In general, I think "is it cheap?" is not a particularly good question to ask about this unless you're working in some very specific problem domains. For example, I work in image processing and when I have some kind of operation going from one image to another, I often have code that looks like this:
BYTE *srcPixel = PixelOffset(src, x, y, srcrowstride, srcdepth);
int srcAdvance = PixelAdvance(srcrowstride, right, srcdepth);
BYTE *dstPixel = PixelOffset(dst, x, y, dstrowstride, dstdepth);
int dstAdvance = PixelAdvance(dstrowstride, right, dstdepth);
for (y = top; y < bottom; y++) {
for (x=left; x < right; x++) {
ProcessOnePixel(srcPixel, srcdepth, dstPixel, dstdepth);
srcPixel += srcdepth;
dstPixel += dstdepth;
}
srcPixel += srcAdvance;
dstPixel += dstAdvance;
}
And in this case, assume that ProcessOnePixel() is actually a chunk of inline code that will be executed billions and billions of times.
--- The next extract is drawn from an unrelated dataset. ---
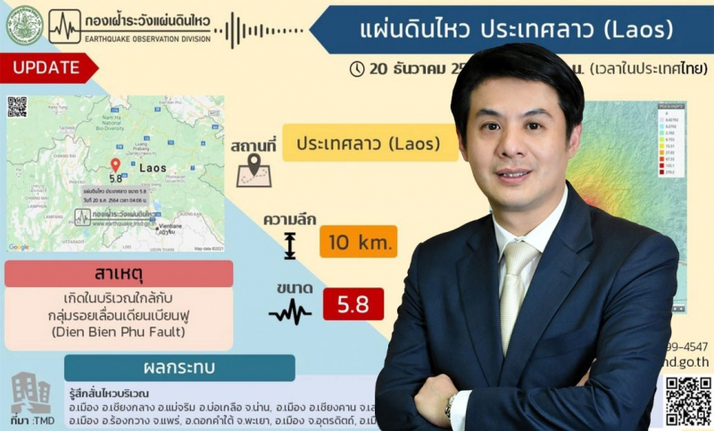ศาสตราจารย์ ดร.อมร พิมานมาศ นายกสมาคมวิศวกรโครงสร้างไทย และนักวิจัยชุดโครงการลดภัยพิบัติแผ่นดินไหวในประเทศไทย ภายใต้การสนับสนุนของสำนักงานคณะกรรมการส่งเสริมวิทยาศาสตร์ วิจัยและนวัตกรรม (สกสว.) และสำนักงานการวิจัยแห่งชาติ (วช.) กระทรวงการอุดมศึกษาวิทยาศาสตร์ วิจัยและนวัตกรรม เปิดเผยว่า จากเหตุการณ์แผ่นดินไหวขนาด 5.8 ที่เกิดขึ้นที่ประเทศลาวเมื่อเช้ามืดของวันที่ 20 ธันวาคม 2564 ได้ส่งผลให้หลายจังหวัดในภาคเหนือและภาคตะวันออกเฉียงเหนือของประเทศไทยรับรู้ถึงแรงสั่นสะเทือนได้ โดยพบร่องรอยกระเบื้องหลังคาพระอุโบสถและองค์พระประธานจตุรพักตร์ 4 ด้าน ซึ่งตั้งประดิษฐานอยู่ภายในพระอุโบสถวัดภูมินทร์ พบรอยร้าวขยายเพิ่มจากความเสียหายแผ่นดินไหวครั้งก่อน 6.4 ริกเตอร์เมื่อปี 2562 และพบรอยร้าวใหม่อีกหลายจุดเป็นแนวยาวจนมองเห็นปูนภายในอย่างเห็นได้ชัด
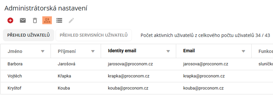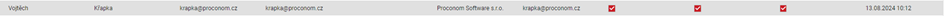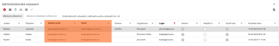 V tabulce se nachází dva sloupce pro email. Identity email je adresa, skrze kterou se uživatel přihlašuje. Sloupec Email zobrazuje adresu, na kterou budou chodit notifikace z programu.

In this case, I care a whole lot about not doing function calls, not doing redundant work, not rechecking values, ensuring that the computational flow will translate into something that will use registers wisely, etc. But my actual primary concern is that the code can be read by the next poor schmuck (probably me) who has to look at it.
And in our current coding world, it is FAR FAR CHEAPER for nearly every problem domain to spend a little time up front ensuring that your code is easy to read and maintain than it is to worry about performance out of the gate.
Speculations:
cast to char: to mask the 8 low bits,
cast to long: to bring the value back to signed (if char is unsigned).
If val is a long then the (char) will strip off all but the bottom 8 bits. The (long) casts it back for the comparison.